--- START ---

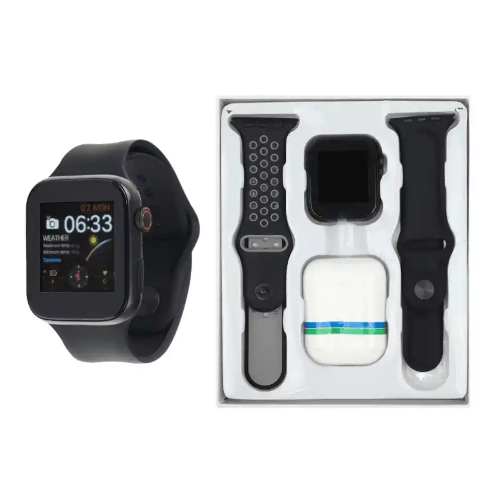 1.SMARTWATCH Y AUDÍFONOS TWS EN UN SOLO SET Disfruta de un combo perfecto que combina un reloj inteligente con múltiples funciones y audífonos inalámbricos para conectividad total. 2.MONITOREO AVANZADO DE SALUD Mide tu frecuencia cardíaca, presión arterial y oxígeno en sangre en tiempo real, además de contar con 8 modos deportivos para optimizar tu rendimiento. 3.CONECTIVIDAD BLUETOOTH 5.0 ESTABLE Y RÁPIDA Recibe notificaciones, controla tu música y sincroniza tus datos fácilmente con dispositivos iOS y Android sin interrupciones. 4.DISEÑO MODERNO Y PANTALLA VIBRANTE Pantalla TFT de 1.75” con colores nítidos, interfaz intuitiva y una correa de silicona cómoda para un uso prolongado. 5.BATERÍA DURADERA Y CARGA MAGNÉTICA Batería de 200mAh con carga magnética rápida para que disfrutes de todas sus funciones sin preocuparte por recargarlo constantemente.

--- END ---
--- START ---

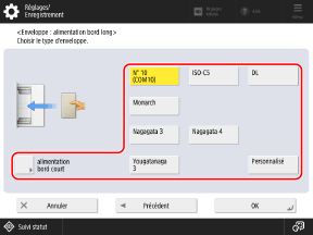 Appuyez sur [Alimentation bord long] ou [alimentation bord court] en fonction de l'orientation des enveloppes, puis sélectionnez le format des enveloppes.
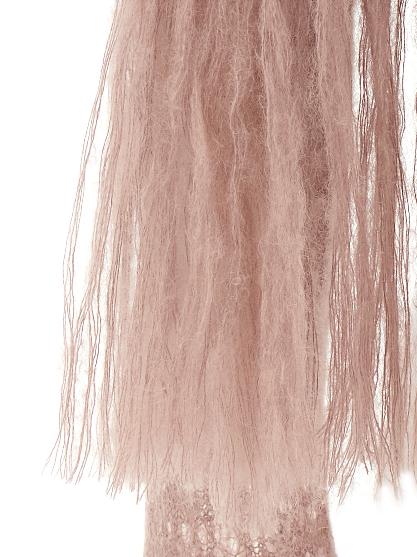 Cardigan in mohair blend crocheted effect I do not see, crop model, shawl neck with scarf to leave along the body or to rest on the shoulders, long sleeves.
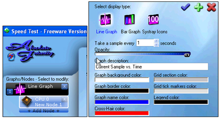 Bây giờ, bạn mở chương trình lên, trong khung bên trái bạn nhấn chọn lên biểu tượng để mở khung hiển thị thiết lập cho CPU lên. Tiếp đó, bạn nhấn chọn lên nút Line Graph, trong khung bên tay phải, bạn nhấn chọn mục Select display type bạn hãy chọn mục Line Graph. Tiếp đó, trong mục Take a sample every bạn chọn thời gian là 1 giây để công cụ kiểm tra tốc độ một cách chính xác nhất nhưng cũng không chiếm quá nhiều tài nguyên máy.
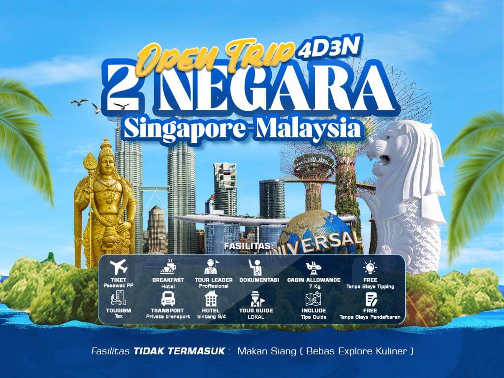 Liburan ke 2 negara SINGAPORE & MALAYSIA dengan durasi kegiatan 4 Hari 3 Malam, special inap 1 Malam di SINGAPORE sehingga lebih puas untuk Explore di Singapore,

--- END ---
--- START ---

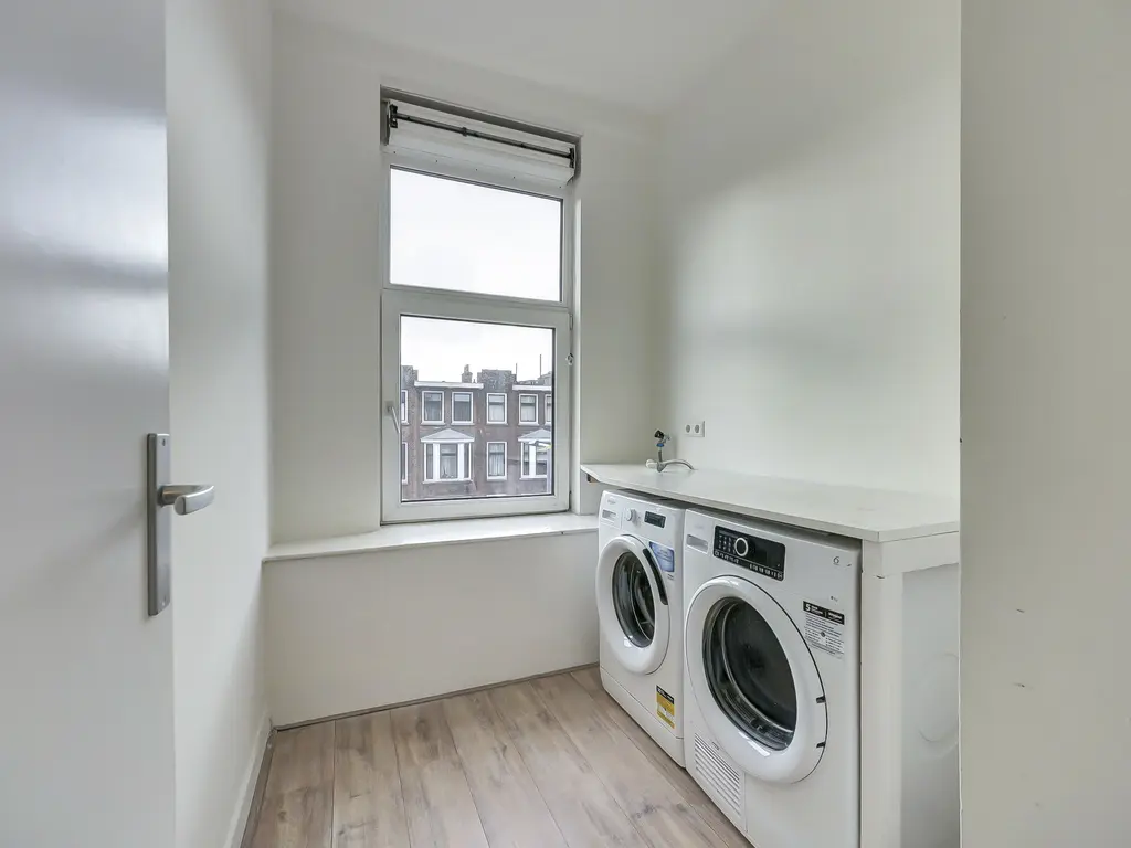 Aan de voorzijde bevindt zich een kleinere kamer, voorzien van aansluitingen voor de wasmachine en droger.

--- END ---

Exercise brief – From the material above, reproduce only what runs from the line holding "Appuyez sur [Alimentation" down to the line holding "Liburan ke 2", both included, pictures excluded.

Answer section –
 Appuyez sur [Alimentation bord long] ou [alimentation bord court] en fonction de l'orientation des enveloppes, puis sélectionnez le format des enveloppes.
 Cardigan in mohair blend crocheted effect I do not see, crop model, shawl neck with scarf to leave along the body or to rest on the shoulders, long sleeves.
 Bây giờ, bạn mở chương trình lên, trong khung bên trái bạn nhấn chọn lên biểu tượng để mở khung hiển thị thiết lập cho CPU lên. Tiếp đó, bạn nhấn chọn lên nút Line Graph, trong khung bên tay phải, bạn nhấn chọn mục Select display type bạn hãy chọn mục Line Graph. Tiếp đó, trong mục Take a sample every bạn chọn thời gian là 1 giây để công cụ kiểm tra tốc độ một cách chính xác nhất nhưng cũng không chiếm quá nhiều tài nguyên máy.
 Liburan ke 2 negara SINGAPORE & MALAYSIA dengan durasi kegiatan 4 Hari 3 Malam, special inap 1 Malam di SINGAPORE sehingga lebih puas untuk Explore di Singapore,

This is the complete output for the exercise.